*** Provided records Section Begins ***
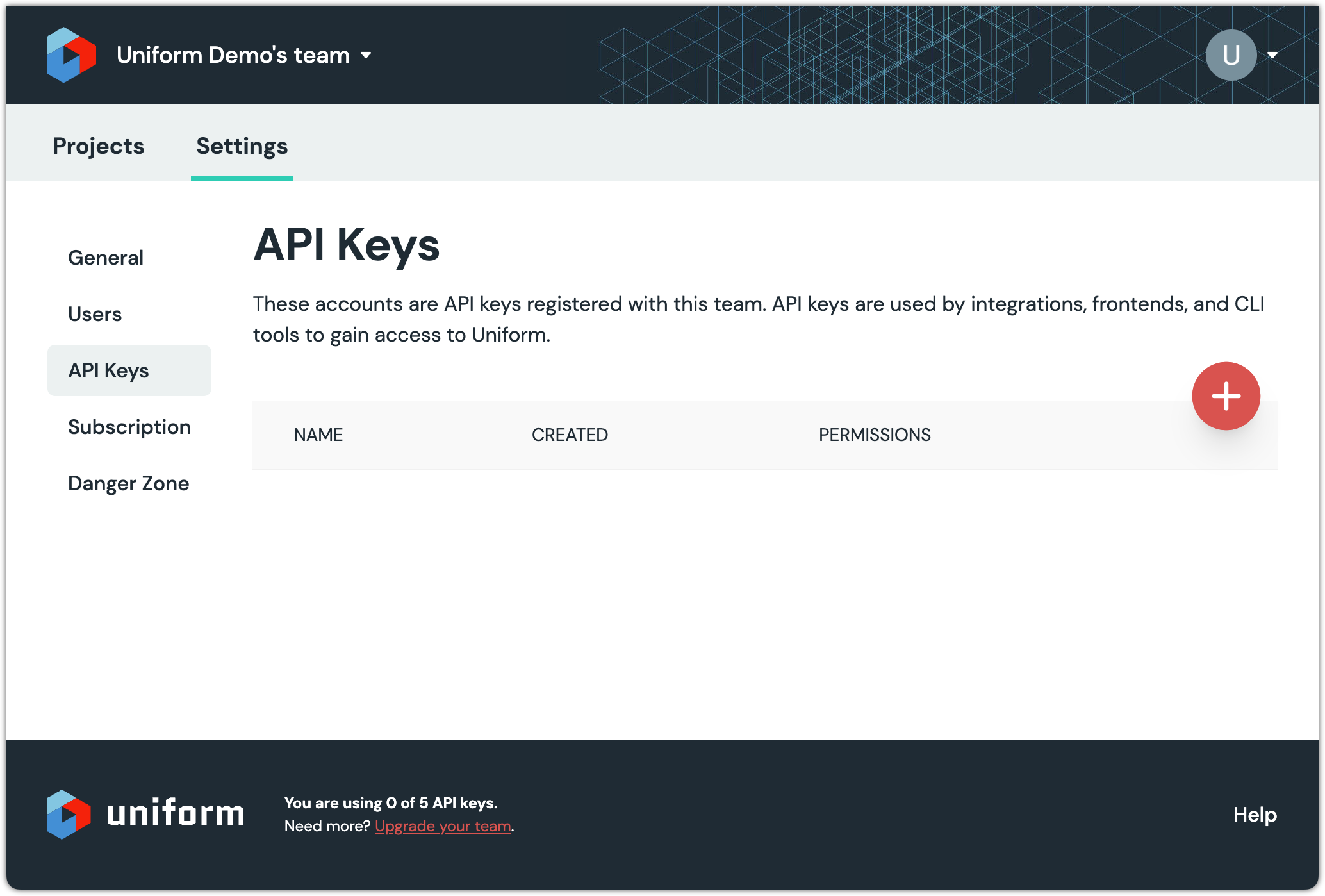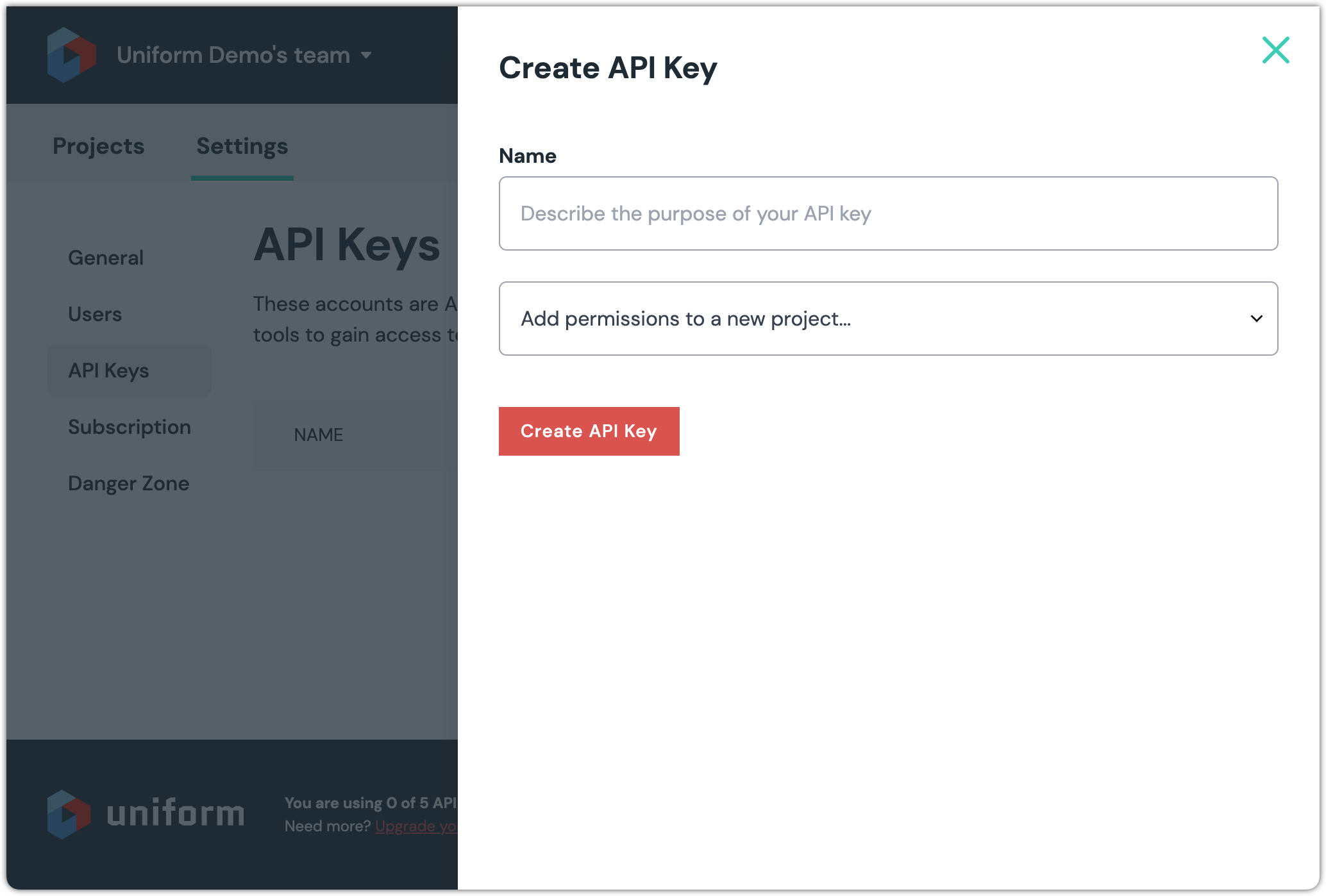 - Administrator access to Uniform - to create an API key. If you do not already have a Uniform account, you can get a free one at https://uniform.app.
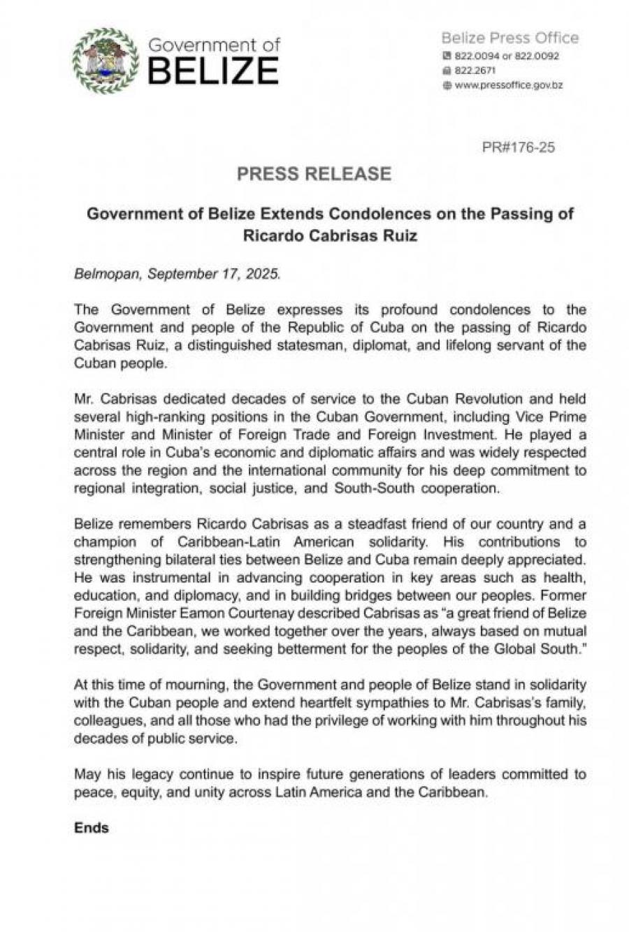 Belmopán, 17 septiembre 2025. El Gobierno de Belice expresó hoy sus “profundas condolencias” por el fallecimiento de Ricardo Cabrisas Ruiz, vice primer ministro cubano y figura clave en la economía y la diplomacia de la isla.
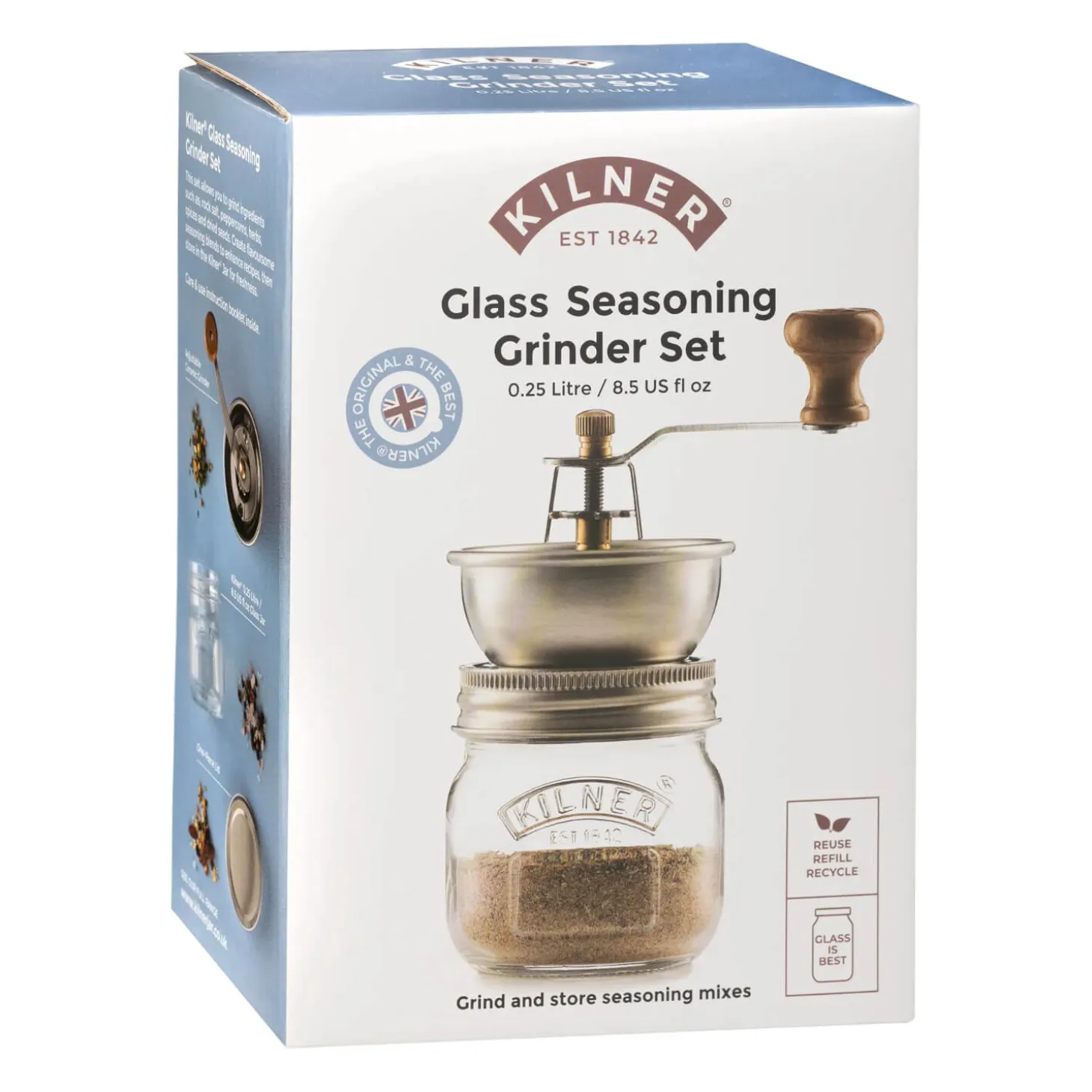 Kilner presents their Seasoning Grinder, the perfect kitchen gadget for grinding and storing ingredients. This device lets you create unique seasoning blends and rubs by grinding mixed ingredients together. It has a hand-operated grinding mechanism made from high-quality stainless steel and ceramic parts with adjustable settings. Keep your final mixture fresher for longer in the 250ml glass jar and one-piece lid.
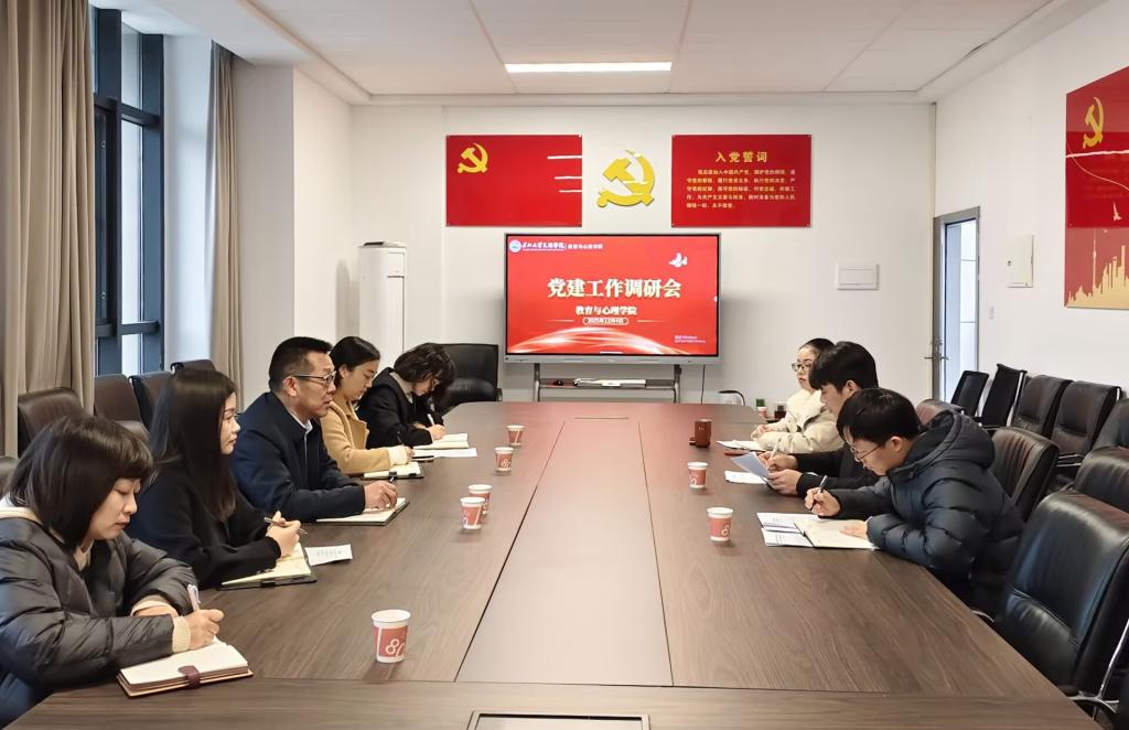 颜建洲认真听取汇报,对教育与心理学院党建工作取得的成效给予充分肯定。他指出,学院党建工作基础扎实、思路清晰,在引领学院发展、凝聚师生力量等方面发挥了重要作用。针对汇报中提出的困难和问题,颜建洲逐一进行指导,并提出具体要求。他强调,要进一步强化党建引领作用,不断探索党建与业务融合的新路径、新方法,打造具有学院特色的党建品牌;要持续加强意识形态工作,牢牢掌握意识形态工作领导权和主动权;要严格落实全面从严治党主体责任,持之以恒正风肃纪,为学院高质量发展提供坚强的政治保障和组织保障。
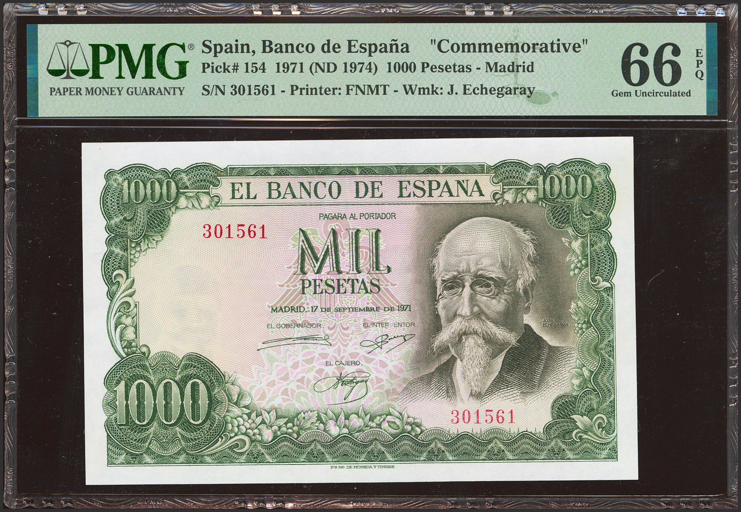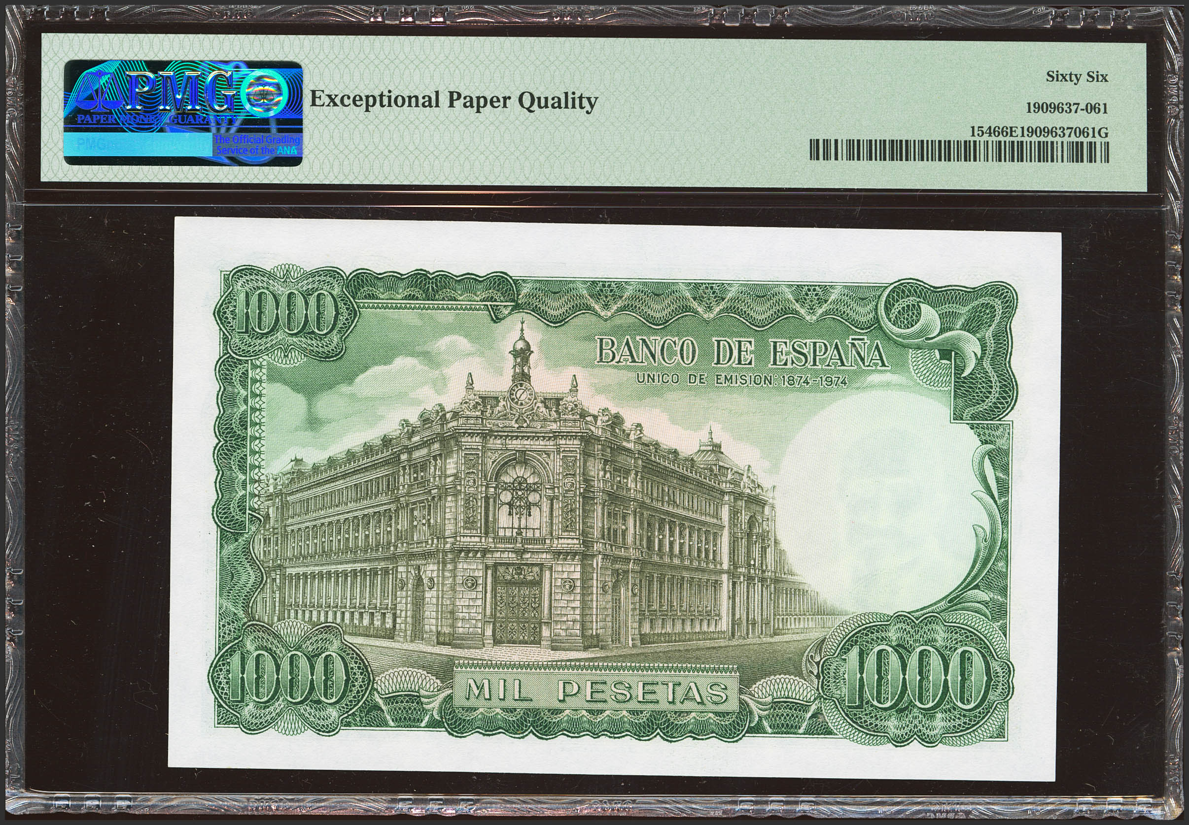 1000 Pesetas. 17 de Septiembre de 1971. Sin serie. (Edifil 2023: 474, Pick: 154). Raro en esta excepcional calidad, apresto original. SC. Encapsulado PMG66EPQ.
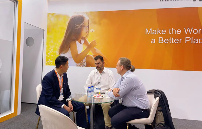 本屆德國展,陽光能源展出了我司的“明星產(chǎn)品”——GIGA系列組件,其卓越的性能和高效的轉(zhuǎn)換效率,深受客戶好評?,F(xiàn)場,陽光能源工作人員還與來自世界各地的業(yè)內(nèi)人士展開了深度交流與業(yè)務(wù)洽談。
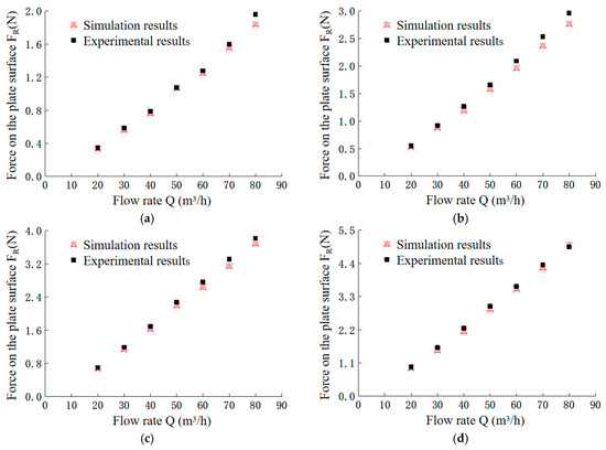 Comparison between the experimental and simulation results of the force on measurement plate surface: (a) B = 30 mm; (b) B = 40 mm; (c) B = 50 mm; (d) B = 60 mm.
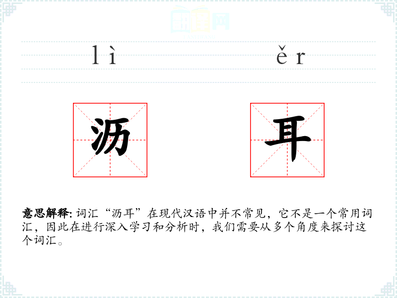 词汇“沥耳”在现代汉语中并不常见,它不是一个常用词汇,因此在进行深入学*和分析时,我们需要从多个角度来探讨这个词汇。
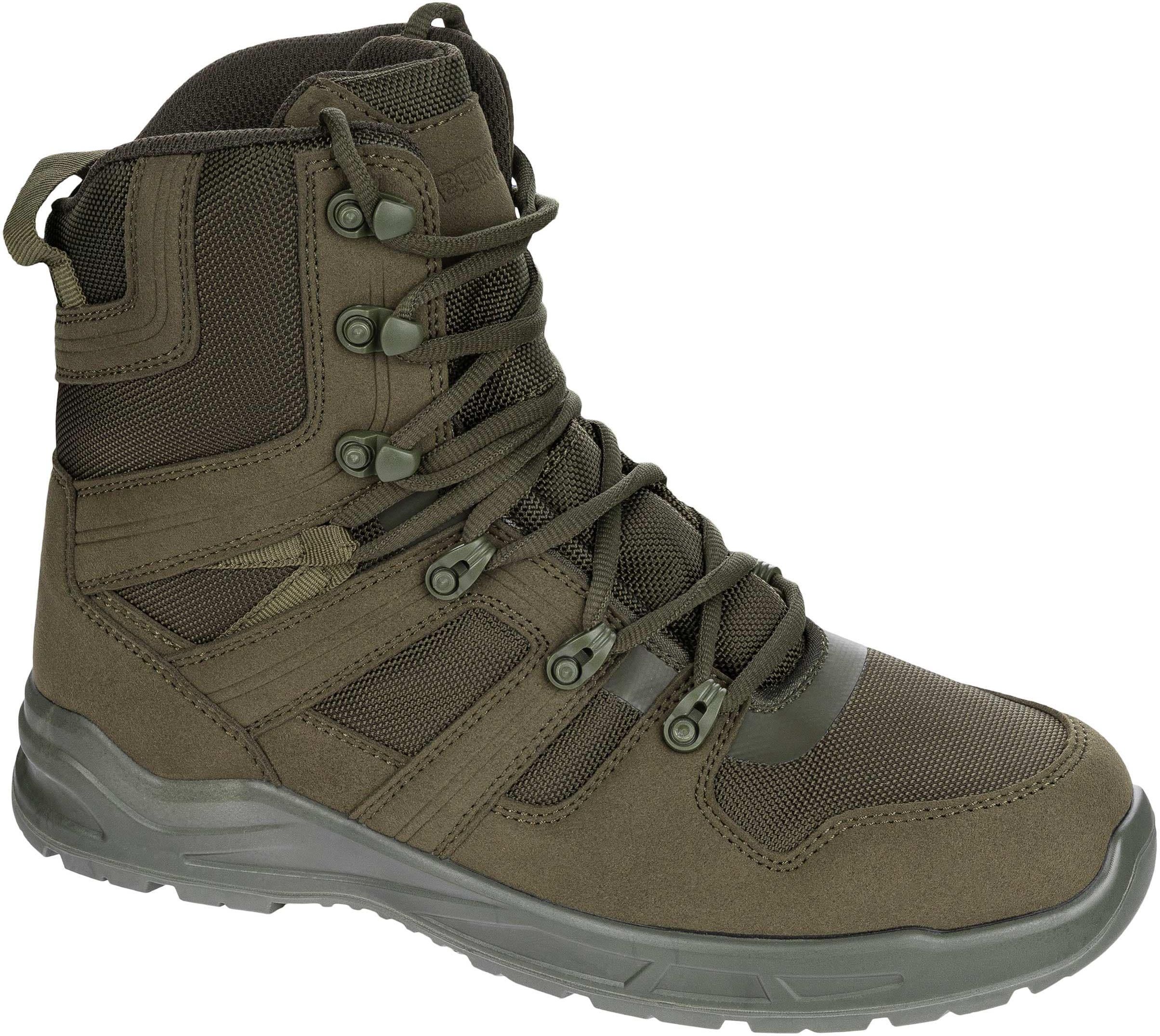 Buty taktyczne z wysoką cholewką w kolorze khaki, wykonane z mikrofibry łączonej z materiałem tekstylnym Oxford. Model spełnia normę EN ISO 20347:2022 O2 SR FO. Sprawdzą się zarówno podczas aktywności w terenie, jak i w codziennym użytkowaniu.
*** Provided records Section Ends ***
» **Task**
Return all the data exactly, and keep the pictures out.

» **Response to this exercise**
 - Administrator access to Uniform - to create an API key. If you do not already have a Uniform account, you can get a free one at https://uniform.app.
 Belmopán, 17 septiembre 2025. El Gobierno de Belice expresó hoy sus “profundas condolencias” por el fallecimiento de Ricardo Cabrisas Ruiz, vice primer ministro cubano y figura clave en la economía y la diplomacia de la isla.
 Kilner presents their Seasoning Grinder, the perfect kitchen gadget for grinding and storing ingredients. This device lets you create unique seasoning blends and rubs by grinding mixed ingredients together. It has a hand-operated grinding mechanism made from high-quality stainless steel and ceramic parts with adjustable settings. Keep your final mixture fresher for longer in the 250ml glass jar and one-piece lid.
 颜建洲认真听取汇报,对教育与心理学院党建工作取得的成效给予充分肯定。他指出,学院党建工作基础扎实、思路清晰,在引领学院发展、凝聚师生力量等方面发挥了重要作用。针对汇报中提出的困难和问题,颜建洲逐一进行指导,并提出具体要求。他强调,要进一步强化党建引领作用,不断探索党建与业务融合的新路径、新方法,打造具有学院特色的党建品牌;要持续加强意识形态工作,牢牢掌握意识形态工作领导权和主动权;要严格落实全面从严治党主体责任,持之以恒正风肃纪,为学院高质量发展提供坚强的政治保障和组织保障。
 1000 Pesetas. 17 de Septiembre de 1971. Sin serie. (Edifil 2023: 474, Pick: 154). Raro en esta excepcional calidad, apresto original. SC. Encapsulado PMG66EPQ.
 本屆德國展,陽光能源展出了我司的“明星產(chǎn)品”——GIGA系列組件,其卓越的性能和高效的轉(zhuǎn)換效率,深受客戶好評?,F(xiàn)場,陽光能源工作人員還與來自世界各地的業(yè)內(nèi)人士展開了深度交流與業(yè)務(wù)洽談。
 Comparison between the experimental and simulation results of the force on measurement plate surface: (a) B = 30 mm; (b) B = 40 mm; (c) B = 50 mm; (d) B = 60 mm.
 词汇“沥耳”在现代汉语中并不常见,它不是一个常用词汇,因此在进行深入学*和分析时,我们需要从多个角度来探讨这个词汇。
 Buty taktyczne z wysoką cholewką w kolorze khaki, wykonane z mikrofibry łączonej z materiałem tekstylnym Oxford. Model spełnia normę EN ISO 20347:2022 O2 SR FO. Sprawdzą się zarówno podczas aktywności w terenie, jak i w codziennym użytkowaniu.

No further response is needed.